### Information provided
-------

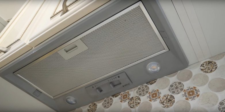 На кухне, особенно если вы много готовите, не обойтись без вытяжки. В маленькой же кухне, чтобы сэкономить место, лучше всего сделать встроенную вытяжку.
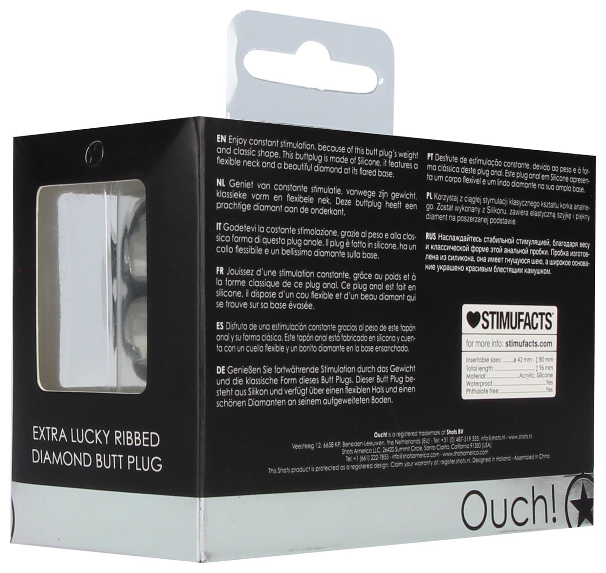 Lucky Diamond Butt Plug - анальная пробка классической формы с прозрачными кристаллами в основании. Идеально подходит для стимуляции, украшения тела, сужения влагалища, подготовки к анальному сексу. Анальная пробка имеет конусообразную форму и гладкую и нежную фактуру. Силикон гарантирует приятные тактильные ощущения и гигиеничность. Рабочая длина - 8 см.
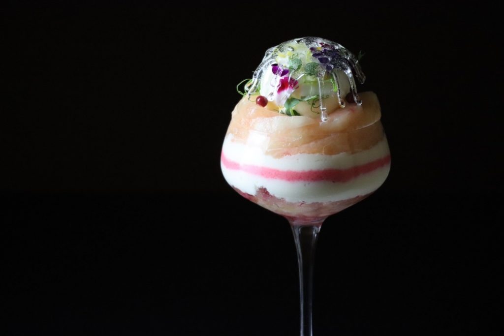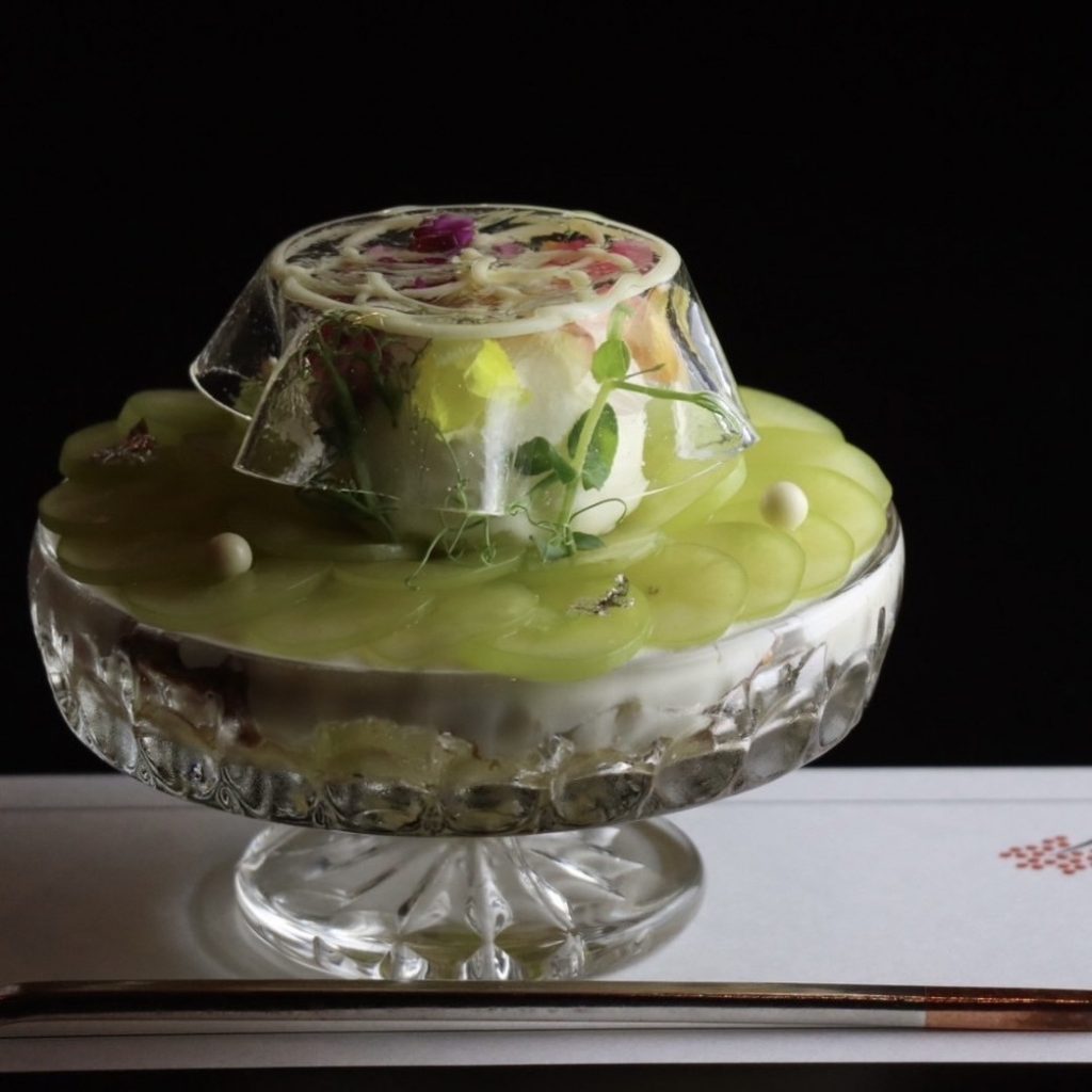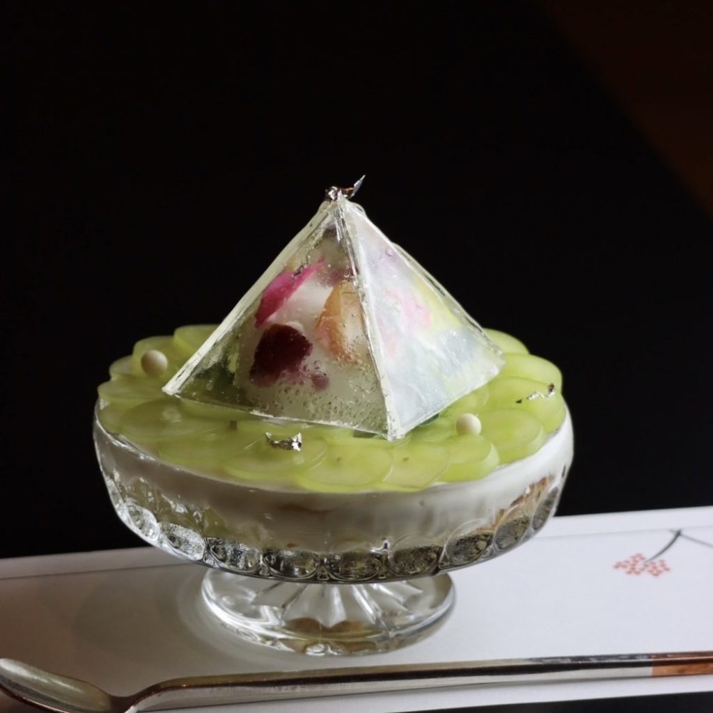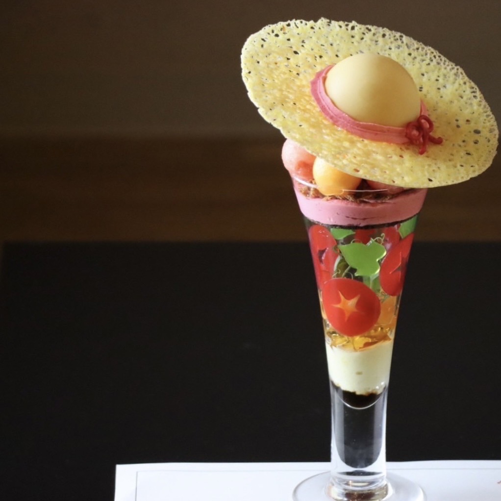 グラスの中には、日本酒を使った男山大吟醸ジェラートやとうきびの甘さが癖になるムースなどがございます。
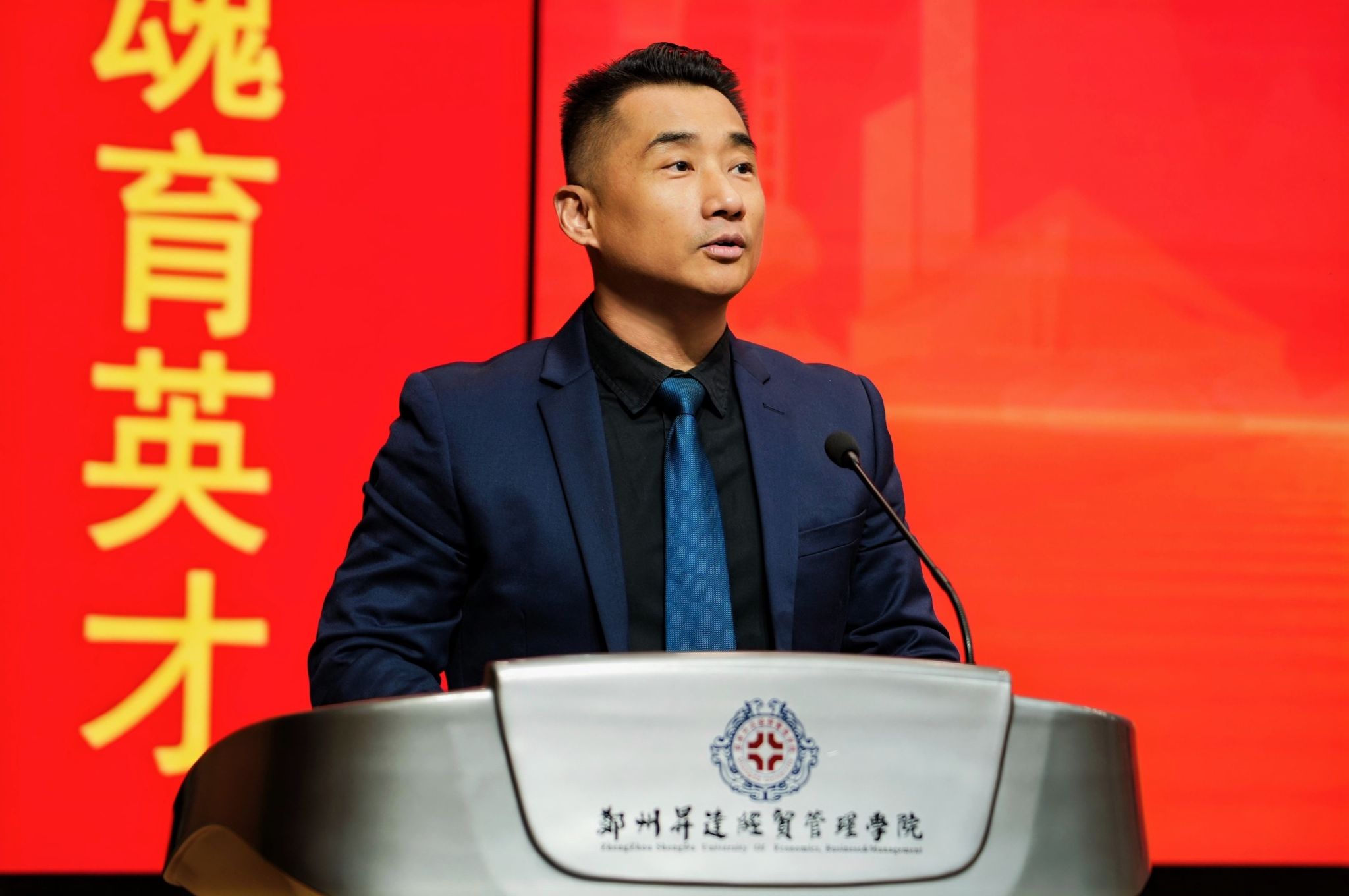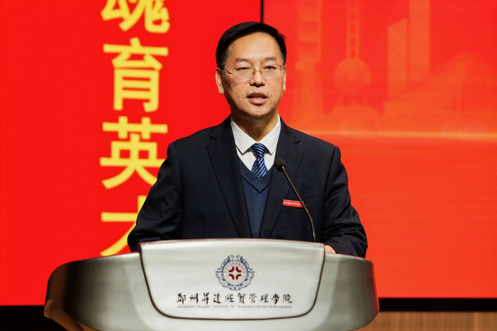 仪式伊始,张金安致欢迎辞。他代表我校全体师生向各位领导、评委、指导老师和参赛选手们表示热烈的欢迎和诚挚的问候。张金安介绍了我校创建历程、办学规模、专业设置、人才培养及办学三十二年来的发展成就。重点介绍了我校外国语学院的建院历史、专业设置和师资力量。他表示,我国正处于实现中华民族伟大复兴的关键时期,教育强国、文化强国建设深入推进,“一带一路”倡议持续深化,高水平对外开放不断扩大,对复合型外语人才的需求比以往任何时候都更加迫切。我们真诚希望能够以赛为媒、以语为桥,助力学子们用流利的英文阐释中华文化的当代价值,用精准的翻译呈现中原大地的创新实践,用语言解码当代中国,做中国故事的“传播者”、对外开放的“先行者”、终身学习的“追求者”。希望全体参赛选手以最佳的状态投入比赛,赛出风格、赛出水平、赛出风采!期待各位评委专家给予专业指导,助力青年学子成长进步!

-------

### The task
Exactly repeat only the lines from the one with "グラスの中には、日本酒を使っ" to the closing line above, both included, and omit every picture.

### Solution
 グラスの中には、日本酒を使った男山大吟醸ジェラートやとうきびの甘さが癖になるムースなどがございます。
 仪式伊始,张金安致欢迎辞。他代表我校全体师生向各位领导、评委、指导老师和参赛选手们表示热烈的欢迎和诚挚的问候。张金安介绍了我校创建历程、办学规模、专业设置、人才培养及办学三十二年来的发展成就。重点介绍了我校外国语学院的建院历史、专业设置和师资力量。他表示,我国正处于实现中华民族伟大复兴的关键时期,教育强国、文化强国建设深入推进,“一带一路”倡议持续深化,高水平对外开放不断扩大,对复合型外语人才的需求比以往任何时候都更加迫切。我们真诚希望能够以赛为媒、以语为桥,助力学子们用流利的英文阐释中华文化的当代价值,用精准的翻译呈现中原大地的创新实践,用语言解码当代中国,做中国故事的“传播者”、对外开放的“先行者”、终身学习的“追求者”。希望全体参赛选手以最佳的状态投入比赛,赛出风格、赛出水平、赛出风采!期待各位评委专家给予专业指导,助力青年学子成长进步!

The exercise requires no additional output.